Transformation can only happen when I come to a point in my life where I realize I can’t, but God can. Evil doesn’t discriminate. But somehow in our daily schedules, we forget that discipline is not an option. Discipline is like playing golf. If I know I am going to play golf, then I have to go to the driving range and hit golf ball, after golf ball, after golf ball. If I am going to play serious baseball then I have to go to the batting cage. That is what I am talking about: disciplined training prayer. When we have that kind of prayer in our lives we are recognizing the ultimate power and authority of God.

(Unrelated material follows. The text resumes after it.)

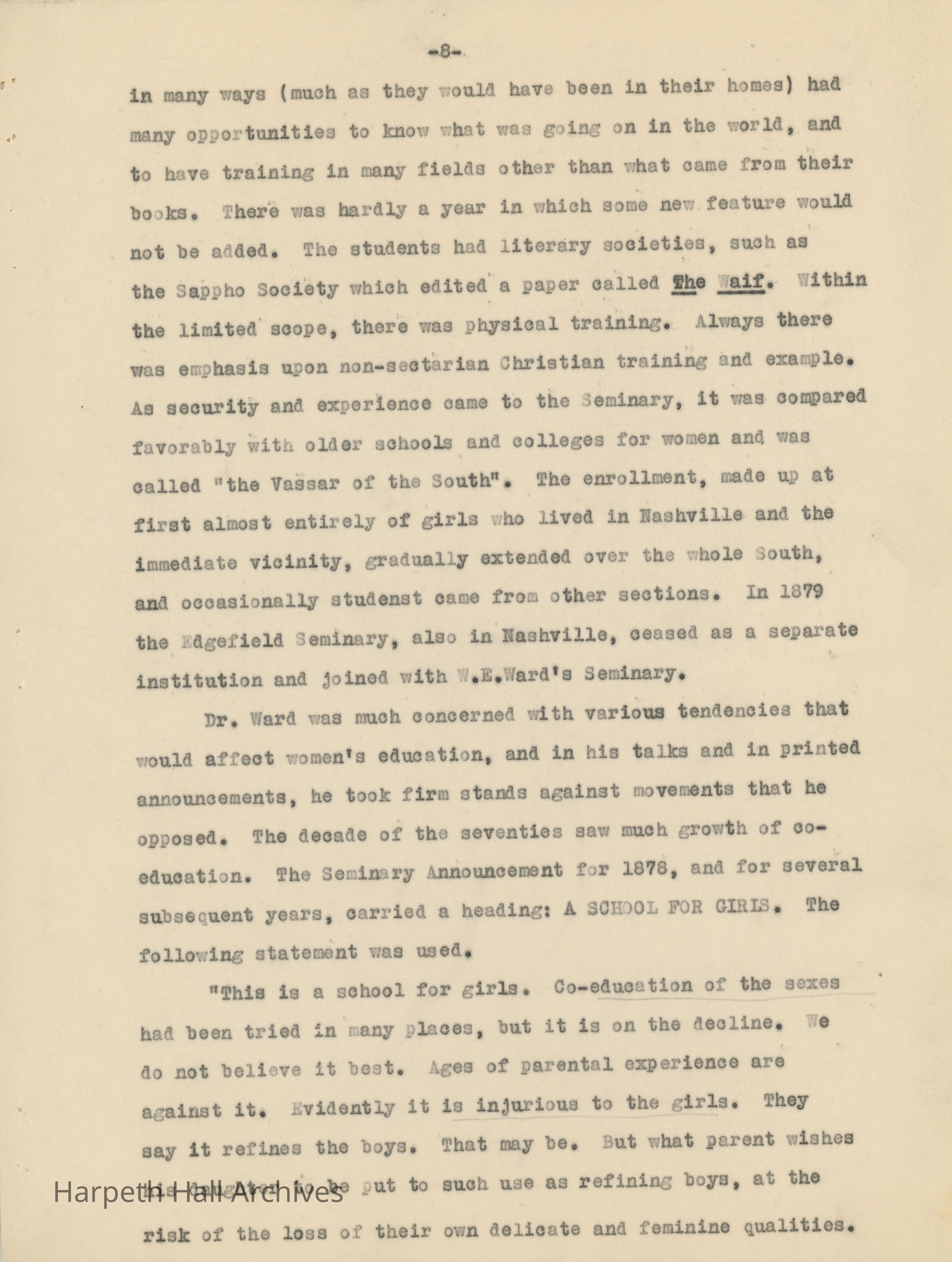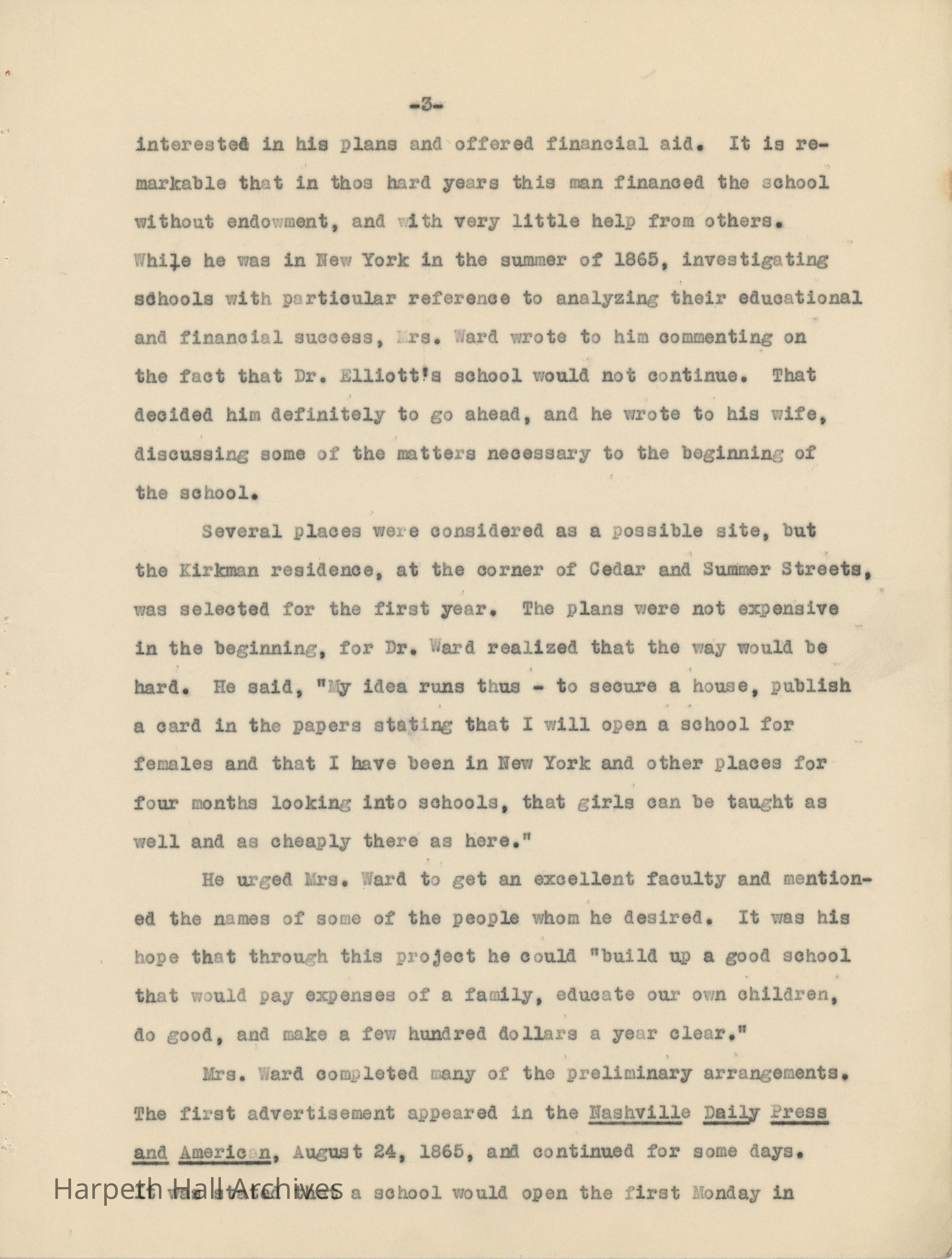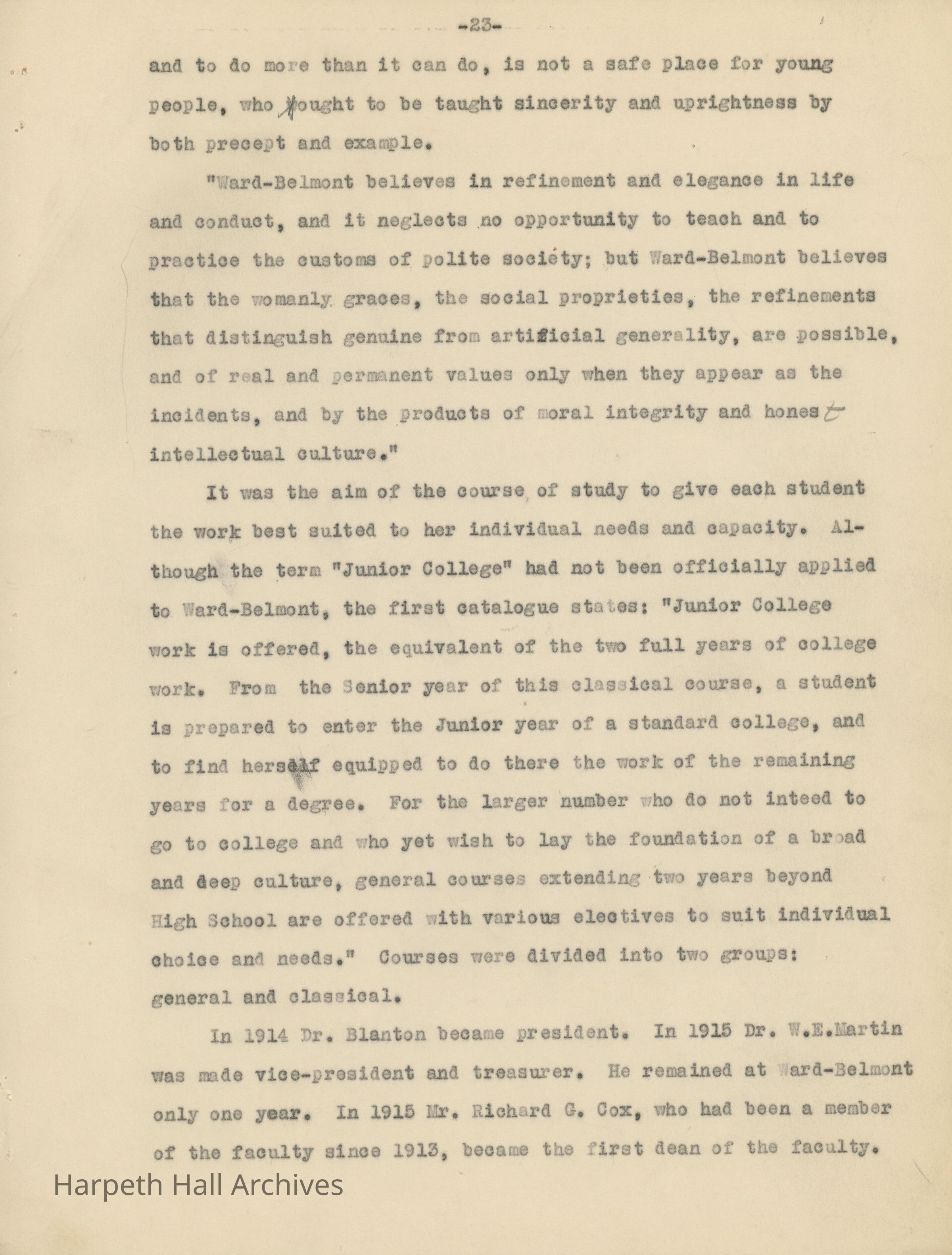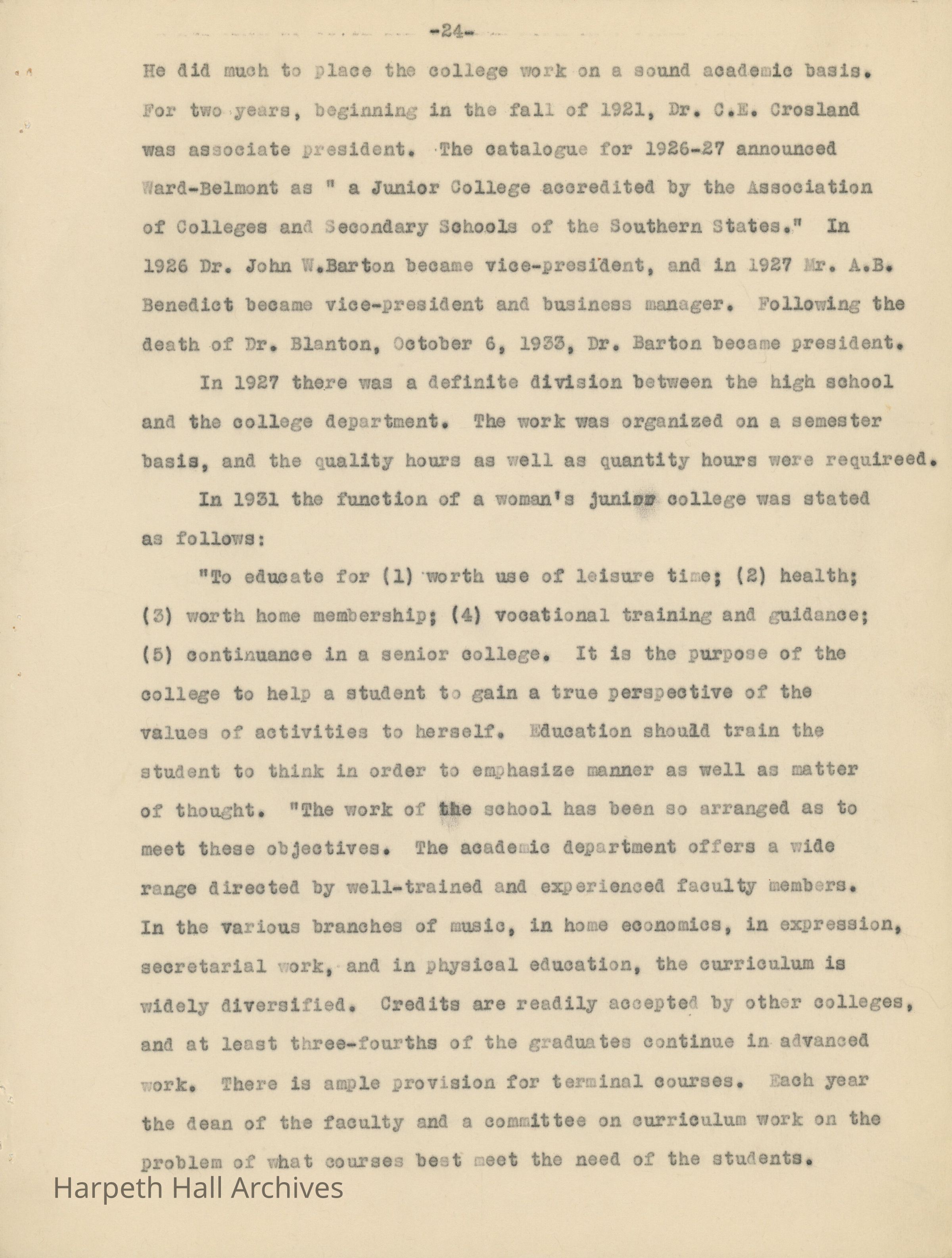 The historical sketch of Ward-Belmont School. The essay was to be completed by September 1st, 1935. The essay was submitted to the Southern Association of Colleges for Women.Collection
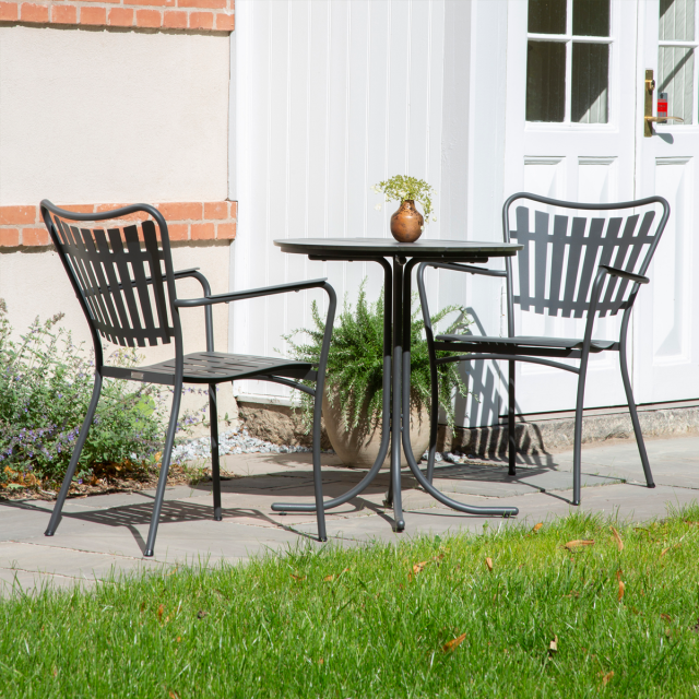 Marguerit Pure havestolen er formgivet med afsæt i den klassiske Marguerit havestol. Designet er stramt og luftigt - og materialerne er helt vedligeholdelsesfrie og kræver kun en let rengøring, når behovet opstår. Stolens kurvede sæde og komfortable ryg er begge ergonomisk designet. Pulverlakeringen er stærk og har samme nuance som vores øvrige antracitte havemøbler - så du kan helt selv vælge hvilket bord du synes passer bedst til dig, din indretning og stil.

The second step of the 12 steps in a recovery program is this, “We came to believe that a power greater than ourselves could restore us to sanity.” It is not information or sermons that are going to restore us to sanity. There is not a pill that we can take or education that will fulfill us. It is a power greater than us. You know what I mean when I say you can believe right and still get kicked in the butt by doing wrong. How many will admit that right now? You know what is right, and you even say you will never do it again. Yet how many of you keep doing it again? Evil is stronger than me, and knowing right and being able to quote scripture is not a defense against evil. Jesus is stronger than evil. Jesus is the ultimate authority and is God’s plan. What God did on the cross shows Jesus is the ultimate authority over all authorities. If you look at verse 12, evil has to beg Jesus for the privilege to go live with the pigs. When I, through disciplined prayer, grab on to Jesus as the ultimate authority every day in my life, it is evil that will go live with the pigs and not me. It is why we have to train ourselves in praying in Jesus’name. We have to train ourselves continually.